Конечно, мелочи! Семейные мелочи той незабываемой зимы 53-го. Совесть не позволяет поименовать их иначе в пространстве и времени, где, по давнему слову, взглянув окрест себя, видишь страдания человеческие, горе и гибель. В пространстве и времени, где колючая проволока отделяла одних несвободных людей от других и где я находился в ту пору — до поры — в числе тех несвободных людей, которым повезло пока не пополнить ряды других, которым не повезло. Я жил дома, в той самой комнате, где родился когда-то. Отца грозились посадить, но еще не посадили. Мать подходила по ночам к окну на шорох каждой проезжавшей машины, но еще не протянула ноги на каком-нибудь дальнем перегоне. Меня не брали на работу, но моих друзей с работы еще не повыгоняли. Ускоряя по утрам шаг возле газетных стендов, мы старались не смотреть на лица тех, кто читал на расклеенных полосах очередные статьи и фельетоны, которые мы уже успели с тоской и страхом прочитать, но вечером отправлялись на день рождения, с аппетитом ели пироги и, отложив на время невеселые мысли и разговоры, танцевали под патефон.. Все ждали и говорили (кто посмелее на язык), что близится роковое нечто, но покуда не обрушилось на голову — живы! (Много позже прочитаю у Л.Я.Гинзбург про тридцатые годы: к основным закономерностям поведения социального человека принадлежат: приспособляемость к обстоятельствам; оправдание необходимости (зла в том числе) при невозможности сопротивления; равнодушие человека к тому, что его не касается. «Напрасно люди представляют себе бедственные эпохи прошлого как занятые одними бедствиями.
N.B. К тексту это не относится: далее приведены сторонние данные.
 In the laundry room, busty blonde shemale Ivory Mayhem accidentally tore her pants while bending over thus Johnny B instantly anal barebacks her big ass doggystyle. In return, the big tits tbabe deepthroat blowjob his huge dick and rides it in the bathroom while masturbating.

Они состоят из многого другого — из чего вообще состоит жизнь, хотя и на определенном фоне... Страшный фон не покидал сознание. Ходили в балет и в гости, играли в покер и отдыхали на даче те именно, кому утро приносило весть о потере близких, кто сам, холодея от каждого вечернего звонка, ждал гостей дорогих... Пока целы — заслонялись, отвлекались: дают — бери».)
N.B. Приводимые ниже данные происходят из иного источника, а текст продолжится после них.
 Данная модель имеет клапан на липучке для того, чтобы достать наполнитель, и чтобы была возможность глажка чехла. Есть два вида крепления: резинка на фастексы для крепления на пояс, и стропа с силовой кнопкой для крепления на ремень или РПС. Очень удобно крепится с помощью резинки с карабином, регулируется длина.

Конечно, нынешнее мое повествование не более как семейные мелочи, частность, подробность морозного зимнего пейзажа 1953-го года. Но эпоха и частная жизнь человека не просто отражаются — повторяются, воспроизводятся одна в другой, одна другую восполняют и завершают. Картина той зимы 53-го легко может быть воссоздана и без моих мелочей, но, если я о них рассказываю, то теперь, без них, эта общая картина уже и потеряет что-то, и того более, разве в этих мелочах, которые были моя судьба, формировали мой дух, состав моей личности, определяли мое будущее, разве не узнают в них, каждый по-своему, строки, абзацы, страницы собственной судьбы многие люди, жившие со мной в одном времени и в одном пространстве.

 

4.

 

..Итак, как раз 13 января, прочитав утром в газете сообщение о врачах-убийцах, содержание и тон которого не оставляли сомнений в крутизне взятого курса, я побрел в свое издательство, всё же уверенный в том, что прежнее, доармейское место младшего редактора мне обеспечено, и ни на грош не уверенный в завтрашнем дне.
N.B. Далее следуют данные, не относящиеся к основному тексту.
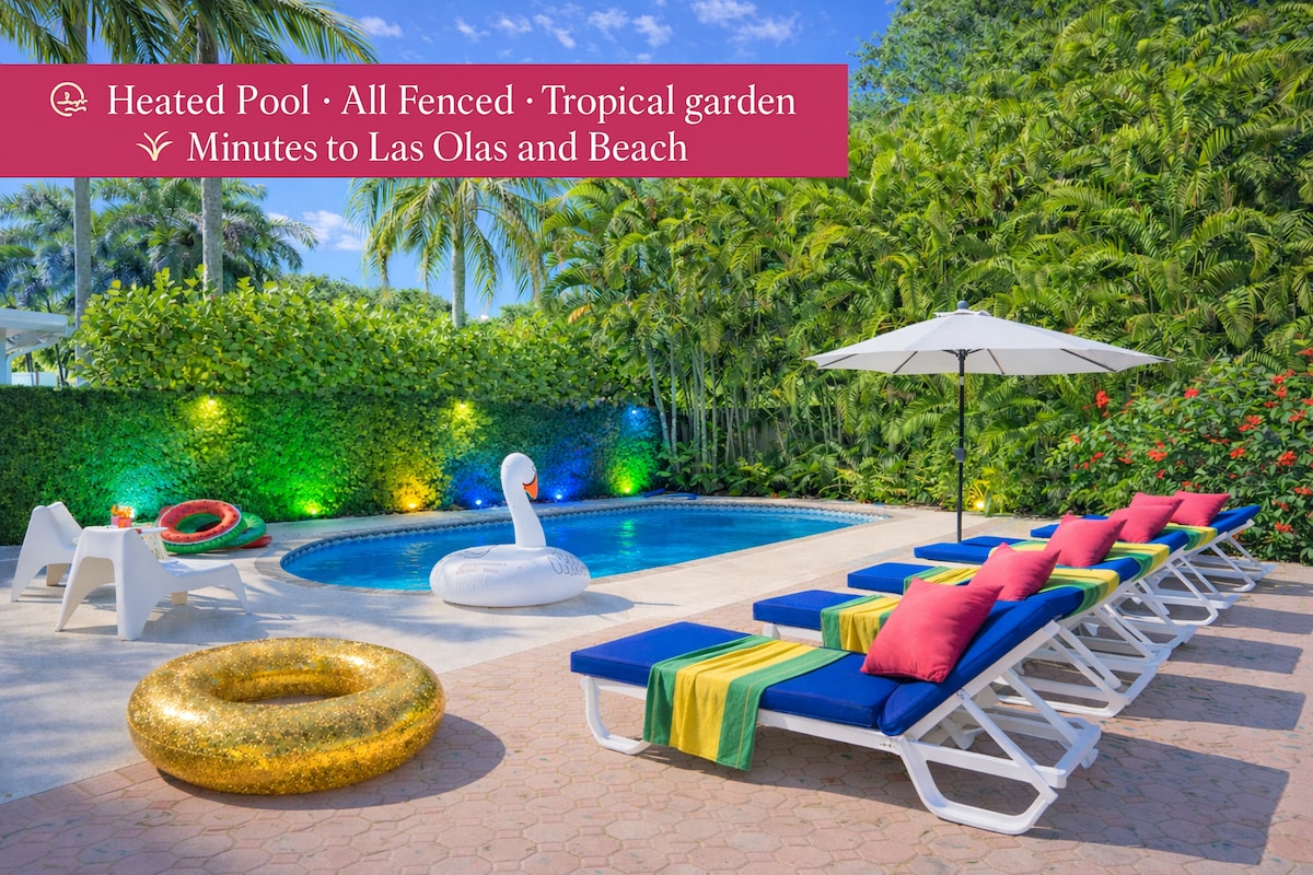 - GIANT HEATED pool with floats and amenities for everyone - HOT TUB perfect for a chilly night - ICE BARREL 400 to recover and cool off - POWER TOWER chin up and dip station - PUTTING GREEN - FIRE PIT to unwind - Hammock - N64 for 4 players - Coffee Bar - Record Player - EV/Tesla Charger, 48W - Propane Grill and Stocked Kitchen! - 7-Min drive to the beach! - Easily fits - 6 Adults and 4 Children Nows your chance to book the perfect escape for any group looking for the best in Ft Lauderdale!

Первый, или, точнее, первая, к кому я попал, была наша завкадрами, тощая, хорошо сложенная дама, похожая на отставную балерину. Она приветливо усадила меня в своем закутке, порадовалась моему возвращению— на это ушло у нее минуты полторы,— после чего перешла к обсуждению сообщения, напечатанного в утренней газете. Преступная клика врачей вызывала у нее негодование. «И чего им не хватало?» - повторяла она, негодуя. - Чего им не хватало? — профессора, в кремлевке работали, дачи, машины!.. Нет, вы скажите мне, чего им не хватало? — Она нагибалась ко мне, в голосе у нее была мольба, как будто именно я, и никто другой, мог ответить ей на вопрос, чего же им, профессорам, не хватало, что они при своих окладах, дачах и машинах согласились стать убийцами, агентами американской и английской разведки, не говоря уже о чудовищном, доселе мало кому ведомом «джойнте». Этот посыл: «Чего им не хватало?» как-то сам собой смешно читался и от обратного: вот если бы не хватало, тогда, оно понятно, можно и в шпионы, и убийцей сделаться, и даже в «джойнт».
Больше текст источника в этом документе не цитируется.